MATERIAL FOR THIS TASK:
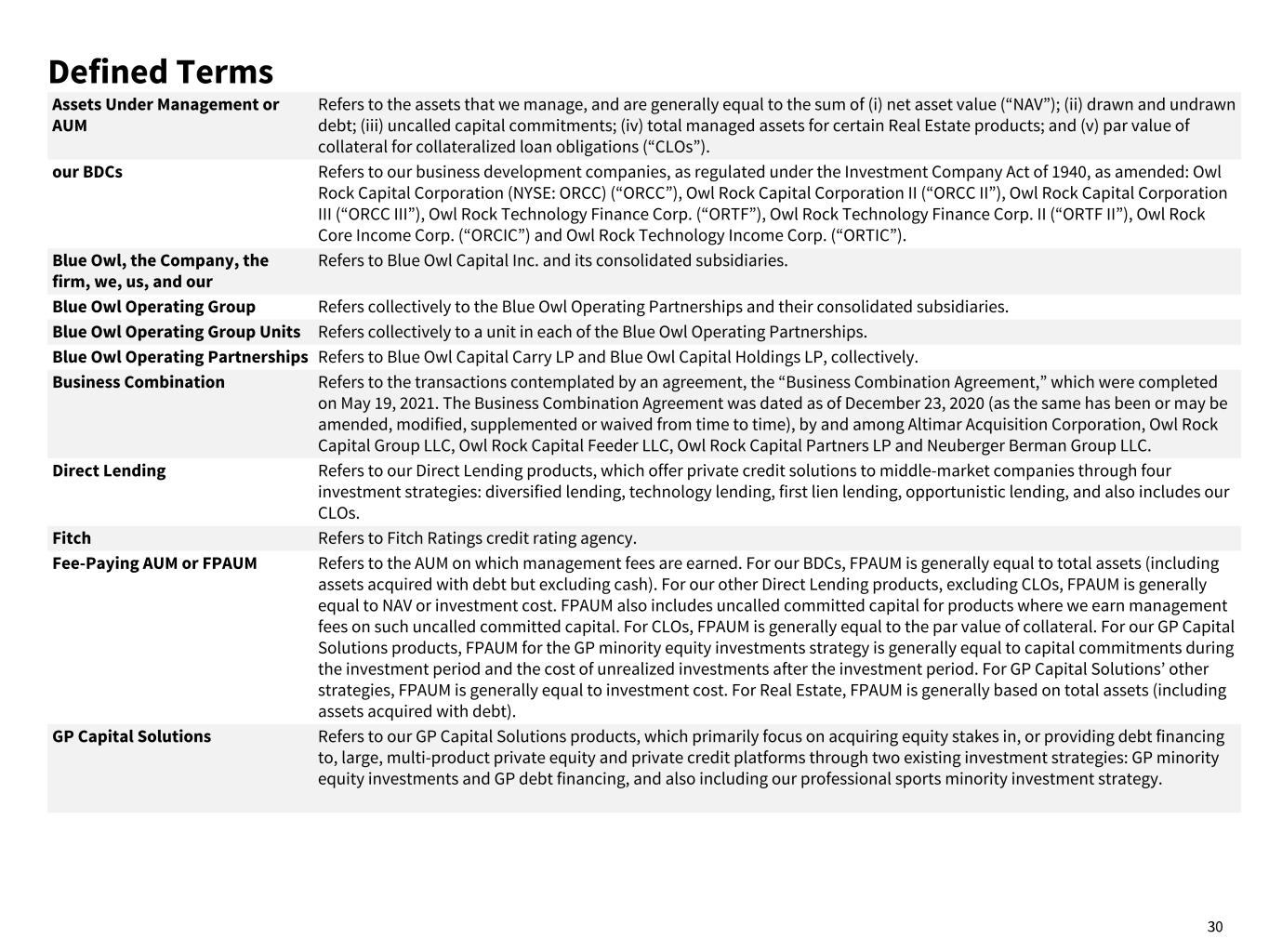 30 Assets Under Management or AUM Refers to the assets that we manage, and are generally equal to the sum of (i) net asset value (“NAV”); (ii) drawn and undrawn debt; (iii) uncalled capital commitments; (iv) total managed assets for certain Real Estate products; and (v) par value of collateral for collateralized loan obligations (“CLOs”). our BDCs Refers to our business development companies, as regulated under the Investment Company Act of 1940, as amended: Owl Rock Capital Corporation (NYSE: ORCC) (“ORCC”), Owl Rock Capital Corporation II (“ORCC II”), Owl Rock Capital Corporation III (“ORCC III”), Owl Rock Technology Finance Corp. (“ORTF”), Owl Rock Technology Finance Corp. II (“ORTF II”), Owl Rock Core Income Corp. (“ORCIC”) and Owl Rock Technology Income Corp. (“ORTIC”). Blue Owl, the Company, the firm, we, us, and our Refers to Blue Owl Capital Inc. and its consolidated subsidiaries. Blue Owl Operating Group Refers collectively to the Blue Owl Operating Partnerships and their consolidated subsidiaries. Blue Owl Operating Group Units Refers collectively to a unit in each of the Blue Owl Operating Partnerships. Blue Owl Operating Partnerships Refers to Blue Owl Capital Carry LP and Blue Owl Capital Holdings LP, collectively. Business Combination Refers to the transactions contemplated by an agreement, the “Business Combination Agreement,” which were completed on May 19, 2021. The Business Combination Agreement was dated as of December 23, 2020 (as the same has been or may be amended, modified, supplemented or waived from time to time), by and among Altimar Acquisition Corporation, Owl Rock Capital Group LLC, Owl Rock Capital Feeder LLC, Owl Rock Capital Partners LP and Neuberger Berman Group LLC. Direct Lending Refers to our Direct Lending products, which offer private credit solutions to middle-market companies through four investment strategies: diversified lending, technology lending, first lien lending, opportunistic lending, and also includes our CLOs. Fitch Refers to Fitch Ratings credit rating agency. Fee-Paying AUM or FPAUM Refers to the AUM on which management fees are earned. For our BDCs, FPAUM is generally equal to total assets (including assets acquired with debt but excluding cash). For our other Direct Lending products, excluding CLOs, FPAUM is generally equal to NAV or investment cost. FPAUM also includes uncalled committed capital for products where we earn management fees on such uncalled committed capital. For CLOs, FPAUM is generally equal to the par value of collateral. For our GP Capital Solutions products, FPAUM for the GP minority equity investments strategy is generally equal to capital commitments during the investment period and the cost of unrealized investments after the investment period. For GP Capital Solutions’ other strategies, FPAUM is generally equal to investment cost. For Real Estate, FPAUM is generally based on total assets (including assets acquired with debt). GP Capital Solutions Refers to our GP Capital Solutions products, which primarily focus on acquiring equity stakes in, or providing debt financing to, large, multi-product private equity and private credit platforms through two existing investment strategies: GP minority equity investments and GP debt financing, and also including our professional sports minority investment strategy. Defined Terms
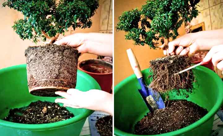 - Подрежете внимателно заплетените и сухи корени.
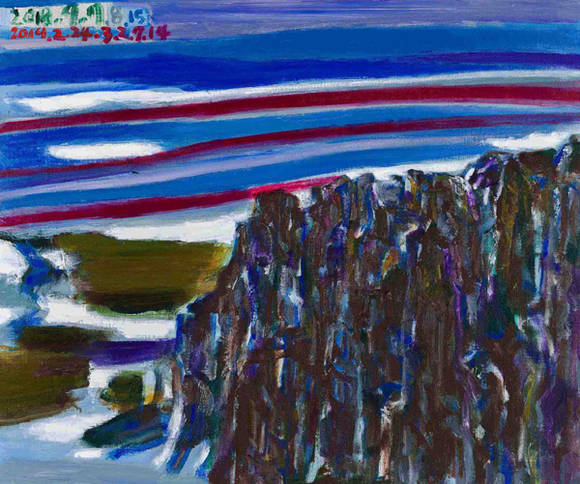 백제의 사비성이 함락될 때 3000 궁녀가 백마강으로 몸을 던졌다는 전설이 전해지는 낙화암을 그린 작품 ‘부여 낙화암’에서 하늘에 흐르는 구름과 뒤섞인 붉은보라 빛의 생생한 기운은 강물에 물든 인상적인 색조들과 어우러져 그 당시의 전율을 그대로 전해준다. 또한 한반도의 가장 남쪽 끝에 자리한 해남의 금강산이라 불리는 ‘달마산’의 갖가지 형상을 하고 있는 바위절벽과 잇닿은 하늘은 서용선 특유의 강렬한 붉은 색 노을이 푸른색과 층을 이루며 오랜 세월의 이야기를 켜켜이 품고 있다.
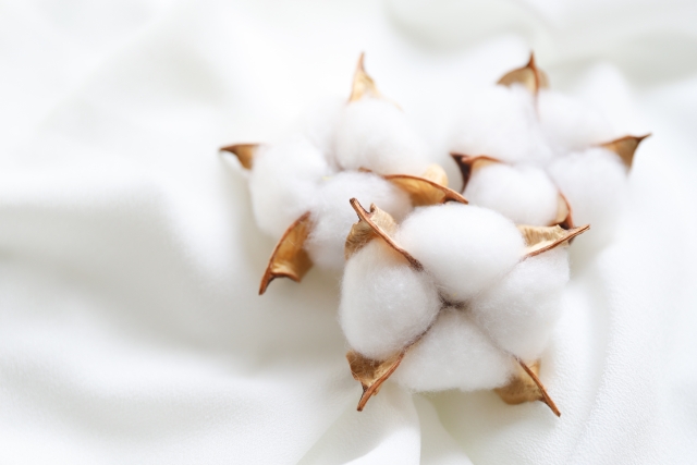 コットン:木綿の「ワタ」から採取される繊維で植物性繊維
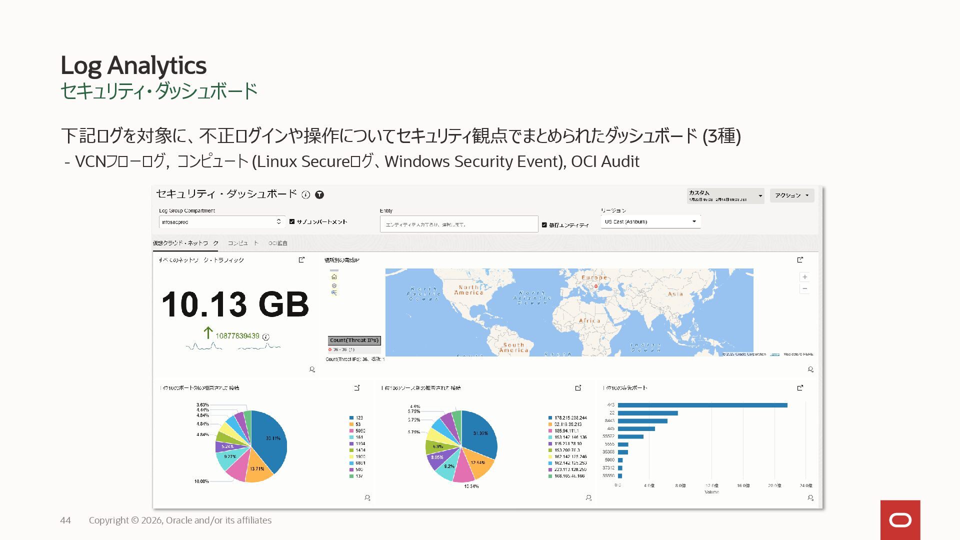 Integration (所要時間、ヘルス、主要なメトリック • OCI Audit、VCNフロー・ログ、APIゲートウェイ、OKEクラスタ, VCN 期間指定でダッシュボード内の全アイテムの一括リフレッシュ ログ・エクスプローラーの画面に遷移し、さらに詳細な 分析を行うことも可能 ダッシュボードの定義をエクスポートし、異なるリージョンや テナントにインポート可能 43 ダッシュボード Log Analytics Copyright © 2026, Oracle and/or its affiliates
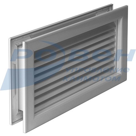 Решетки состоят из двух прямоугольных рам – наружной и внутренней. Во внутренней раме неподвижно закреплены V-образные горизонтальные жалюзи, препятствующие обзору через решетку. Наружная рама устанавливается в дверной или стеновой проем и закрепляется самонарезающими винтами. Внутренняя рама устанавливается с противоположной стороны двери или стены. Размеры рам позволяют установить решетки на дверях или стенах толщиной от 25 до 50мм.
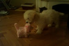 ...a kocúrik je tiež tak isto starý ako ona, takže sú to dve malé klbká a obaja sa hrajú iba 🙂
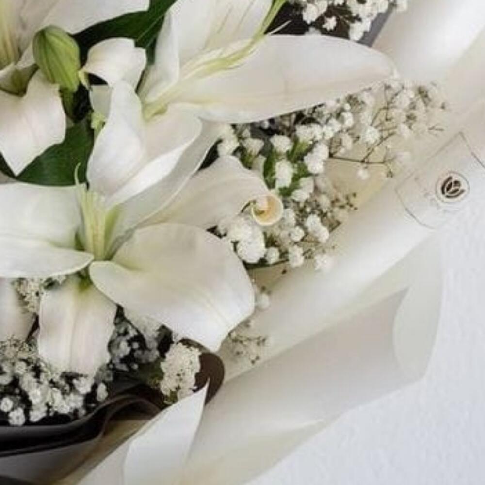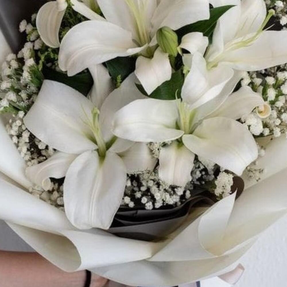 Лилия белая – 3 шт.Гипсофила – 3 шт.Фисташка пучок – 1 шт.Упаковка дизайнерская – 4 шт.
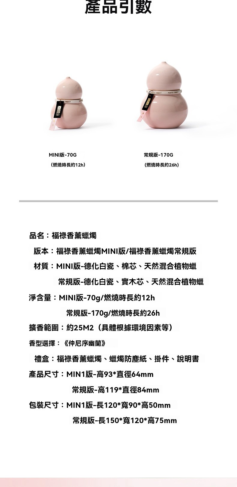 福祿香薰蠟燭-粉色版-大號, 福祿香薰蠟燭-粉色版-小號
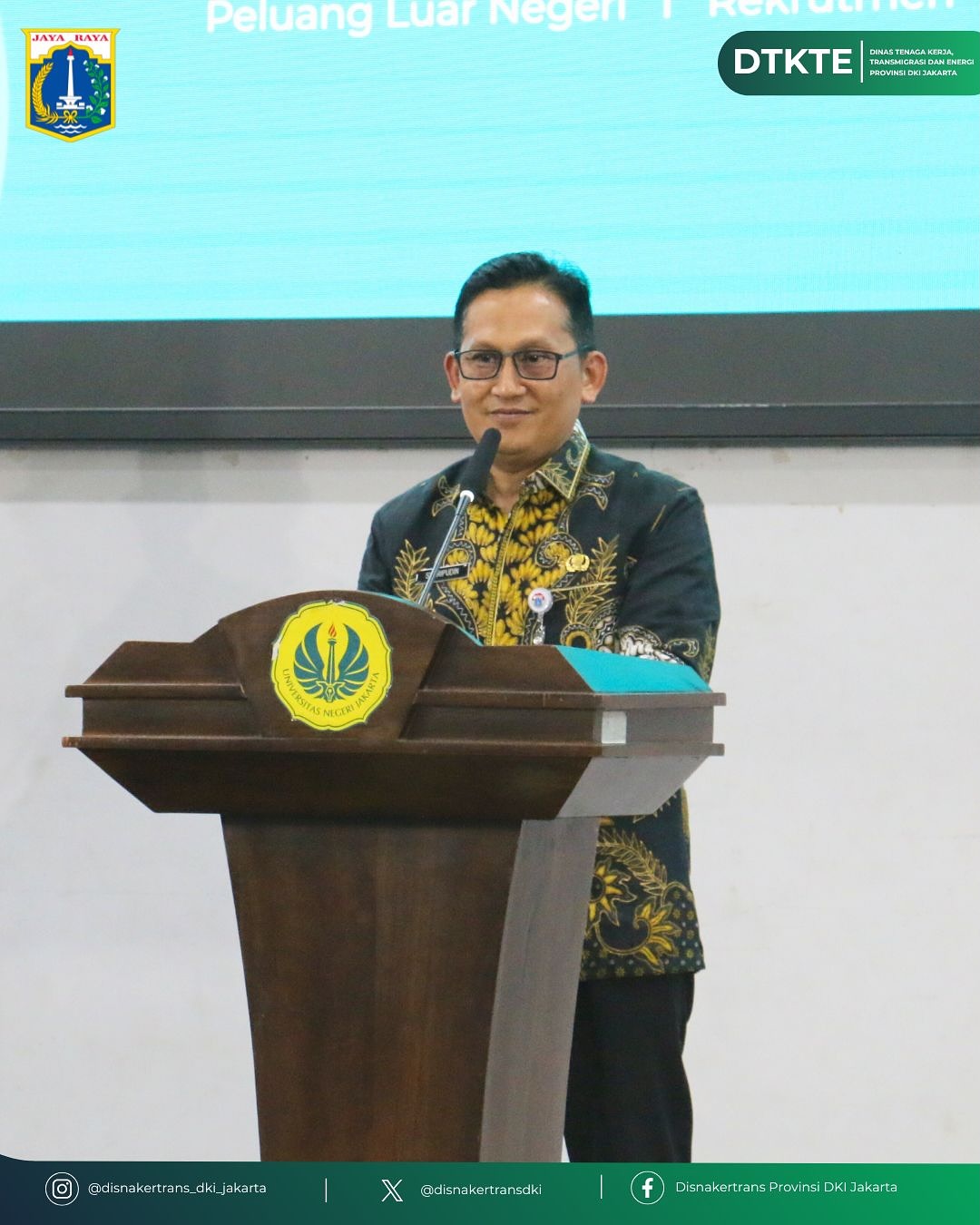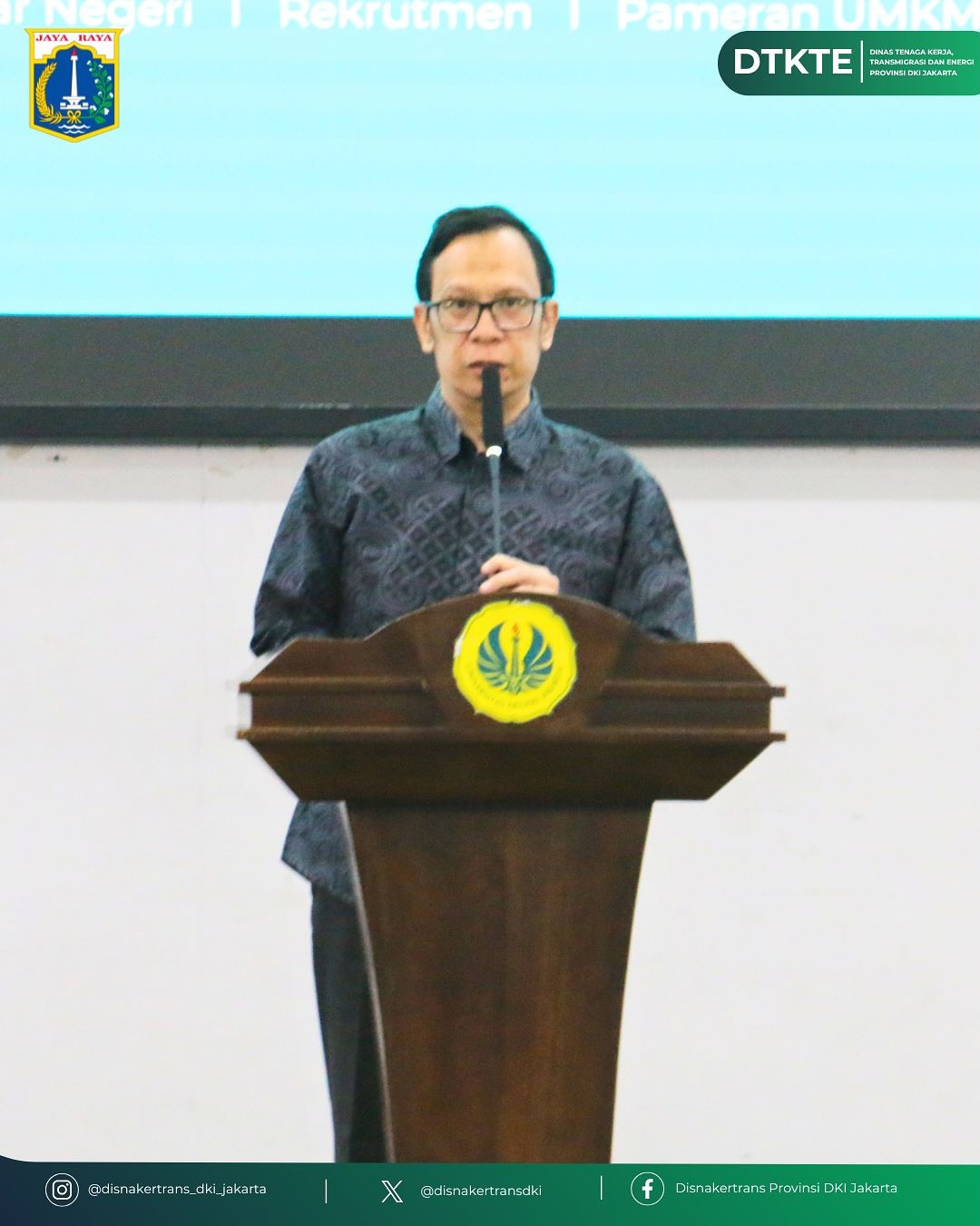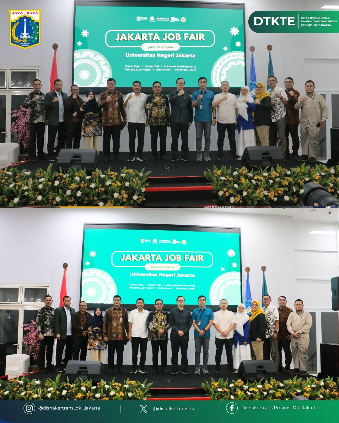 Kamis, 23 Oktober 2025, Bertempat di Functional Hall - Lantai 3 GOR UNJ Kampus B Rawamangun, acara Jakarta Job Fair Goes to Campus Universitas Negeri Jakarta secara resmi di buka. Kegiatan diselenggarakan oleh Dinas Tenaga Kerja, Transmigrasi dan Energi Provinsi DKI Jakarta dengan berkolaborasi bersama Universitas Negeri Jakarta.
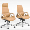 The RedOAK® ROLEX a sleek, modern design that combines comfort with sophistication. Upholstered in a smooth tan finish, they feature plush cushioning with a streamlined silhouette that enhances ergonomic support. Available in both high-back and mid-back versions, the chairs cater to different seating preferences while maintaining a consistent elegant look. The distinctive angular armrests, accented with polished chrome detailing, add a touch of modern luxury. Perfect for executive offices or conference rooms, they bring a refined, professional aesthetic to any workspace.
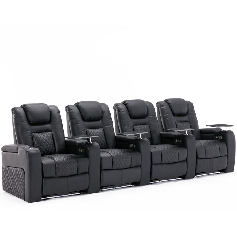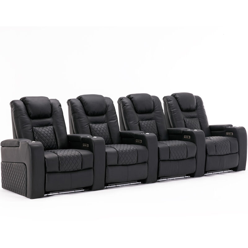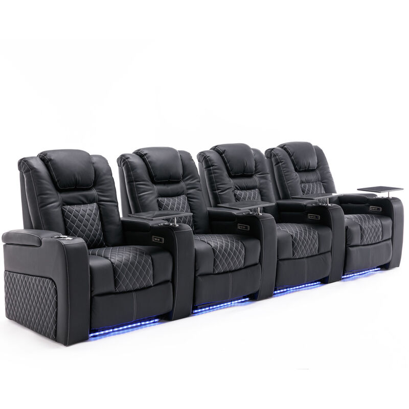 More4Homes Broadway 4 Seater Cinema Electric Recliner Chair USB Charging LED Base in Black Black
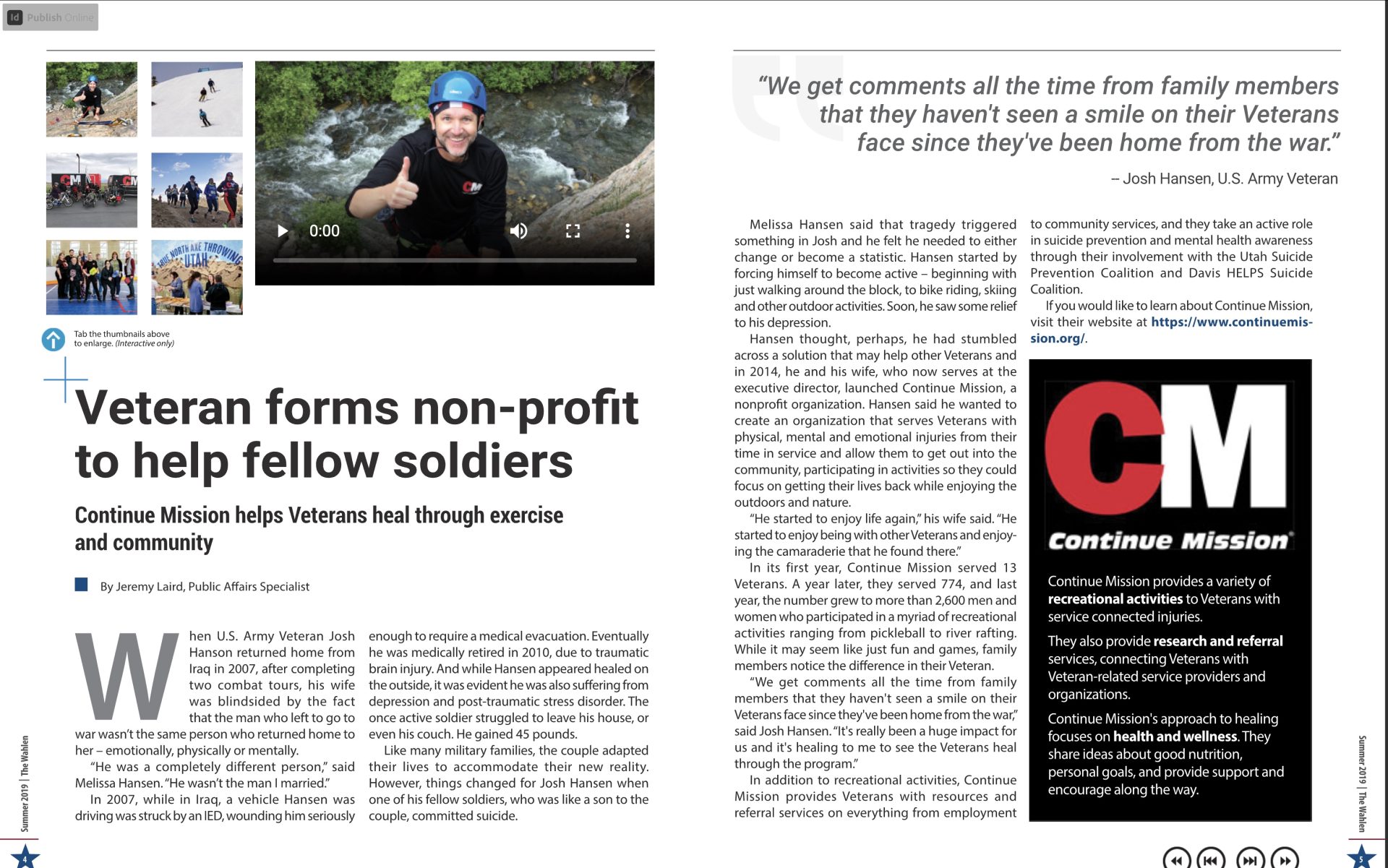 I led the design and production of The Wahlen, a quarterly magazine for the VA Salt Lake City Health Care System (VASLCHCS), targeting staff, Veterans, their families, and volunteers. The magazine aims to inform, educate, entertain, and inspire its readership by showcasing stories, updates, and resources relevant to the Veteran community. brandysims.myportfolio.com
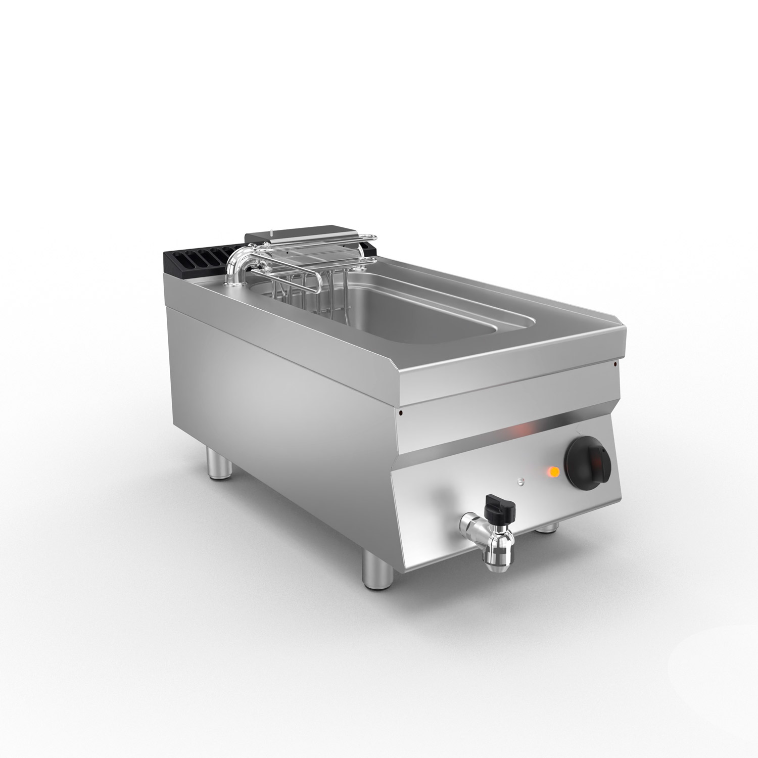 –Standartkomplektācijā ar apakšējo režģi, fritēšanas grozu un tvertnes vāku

EXERCISE OBJECTIVE:
For the data above, set down exactly the lines from the line with "Integration (所要時間、ヘルス、主要なメトリック •" to the line with "The RedOAK® ROLEX", both included, leaving pictures out.

RESPONSE TO THE EXERCISE:
 Integration (所要時間、ヘルス、主要なメトリック • OCI Audit、VCNフロー・ログ、APIゲートウェイ、OKEクラスタ, VCN 期間指定でダッシュボード内の全アイテムの一括リフレッシュ ログ・エクスプローラーの画面に遷移し、さらに詳細な 分析を行うことも可能 ダッシュボードの定義をエクスポートし、異なるリージョンや テナントにインポート可能 43 ダッシュボード Log Analytics Copyright © 2026, Oracle and/or its affiliates
 Решетки состоят из двух прямоугольных рам – наружной и внутренней. Во внутренней раме неподвижно закреплены V-образные горизонтальные жалюзи, препятствующие обзору через решетку. Наружная рама устанавливается в дверной или стеновой проем и закрепляется самонарезающими винтами. Внутренняя рама устанавливается с противоположной стороны двери или стены. Размеры рам позволяют установить решетки на дверях или стенах толщиной от 25 до 50мм.
 ...a kocúrik je tiež tak isto starý ako ona, takže sú to dve malé klbká a obaja sa hrajú iba 🙂
 Лилия белая – 3 шт.Гипсофила – 3 шт.Фисташка пучок – 1 шт.Упаковка дизайнерская – 4 шт.
 福祿香薰蠟燭-粉色版-大號, 福祿香薰蠟燭-粉色版-小號
 Kamis, 23 Oktober 2025, Bertempat di Functional Hall - Lantai 3 GOR UNJ Kampus B Rawamangun, acara Jakarta Job Fair Goes to Campus Universitas Negeri Jakarta secara resmi di buka. Kegiatan diselenggarakan oleh Dinas Tenaga Kerja, Transmigrasi dan Energi Provinsi DKI Jakarta dengan berkolaborasi bersama Universitas Negeri Jakarta.
 The RedOAK® ROLEX a sleek, modern design that combines comfort with sophistication. Upholstered in a smooth tan finish, they feature plush cushioning with a streamlined silhouette that enhances ergonomic support. Available in both high-back and mid-back versions, the chairs cater to different seating preferences while maintaining a consistent elegant look. The distinctive angular armrests, accented with polished chrome detailing, add a touch of modern luxury. Perfect for executive offices or conference rooms, they bring a refined, professional aesthetic to any workspace.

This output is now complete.